Quidditch recognises non-binary genders and actively welcomes LGBT+ players, with a gender rule of four maximum players of the same identifying gender on pitch at any one time. The result is a fast-paced, aggressive and truly inclusive sport thriving in the world today, community team numbers multiplying as the number of non-university players grow.

The Quidditch Premiere League is a summer league, with players joining one of eight teams according to their regions. The Eastern Mermaids consist of players based around Norfolk and Cambridge, practising weekly and  heading to fixtures every fortnight.
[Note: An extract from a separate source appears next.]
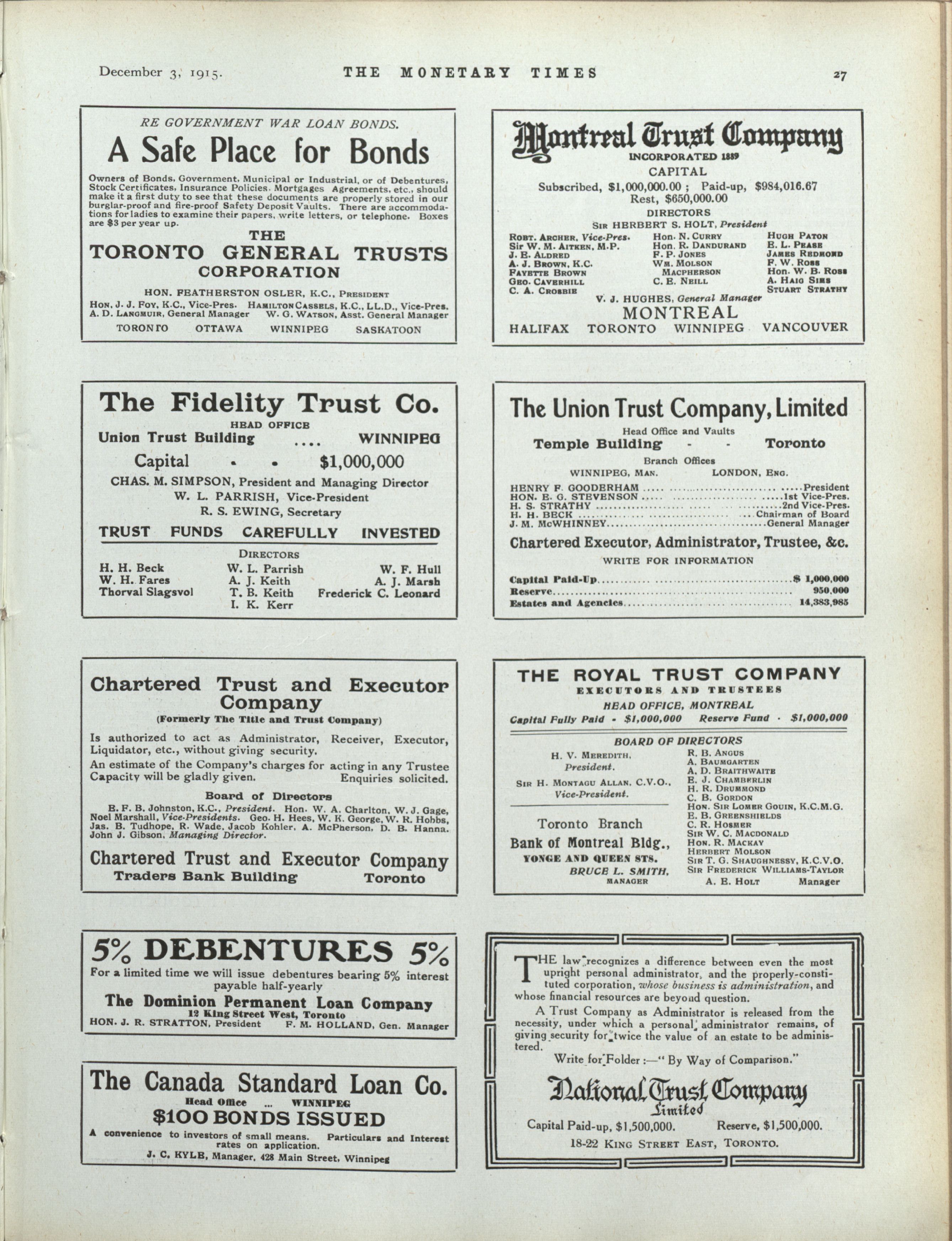 The Monetary Times, trade review and insurance chronicle. : Volume 55 No. 23 (December 3, 1915)

Our first fixture was on June 17th, where we joined together to play competitively against the three other southern teams – London Monarchs, Southwest Broadside, and Southeast Knights – for the first time. With many other teams having internationally-competing, Team UK players, we were marked as underdogs from the start yet surprised all with our standard of play, putting hoops past all other teams. Following three losses, we went to Worcester intent on winning a game, with our eyes focussed against Southwest Broadside, who came third at London.

( Captain Dominic Ayre tackles the Knight’s keeper for the quaffle. Photo Credit: Gio Forino )

Our first match was against Southeast Knights, who came top of the league last fixture. Nevertheless, our hopes rose when we watched Southwest Broadside first play London Monarchs, who first began to struggle to retain control, letting Broadside score 5 times by the end of the game. Seeing a surprise in the end result boosted our confidence, and with a quick recap of our new tactics, as instructed by captain Dominic Ayre, we took to the pitch with faith we could surprise Knights with some refined tactical play.

Beater Aaron Brett-Miller had a notable presence on pitch, frequently beating the opposing players and helping us regain quaffle possession. Scoring 40 quaffle points, Southeast Knights eventually won, 140*-40 ( * denoting the snitch catch). Not to be deterred, we were proud to have improved considerably since the last fixture and we were quick to think ahead to our next match against Southwest Broadside, where we had a higher chance at beating the competition.

( Seeker Michael Holloway catches the snitch to bring the game to overtime, with beater Aaron Brett-Miller approaching.
Photo Credit: Ajantha Abey )

Heading to pitch, we were aware that, like us Broadside, had improved considerably since June, but we were determined to win and prove ourselves as strong a competition – especially as the London Monarchs would be watching ahead of our later game together. With both ourselves and Broadside scoring hoop after hoop, and keeper Katherine Jeffery managing to save an impressive number of goals, we eventually caught the snitch to bring the game to a tie, resulting in overtime. This left the game with 5 minutes of play with snitch on pitch, the highest scoring team winning; the game ending with a snitch catch or the full five minutes being up. Unfortunately, we were just shy of catching the snitch, with Southwest Broadside winning the game 120^-80*.

Heading towards our final match against the London Monarchs, an impressively strong team with strength and synergy, we aimed to play our best and see where tactical play could take us. We managed to regain bludger possession multiple times and score some hoops, giving the overall score of 230*-40. We ended the day feeling proud of our performance and looking towards improving at our next practices, to come back even stronger to our next and final divisional fixture. On July 29th we will be in Southampton, looking to beat Broadside and raise the threats against Monarchs and Knights, before heading to the Championship on August 26th, at Craven Park Stadium in Hull. Both events are free and open to the public, so feel free to come along and support us!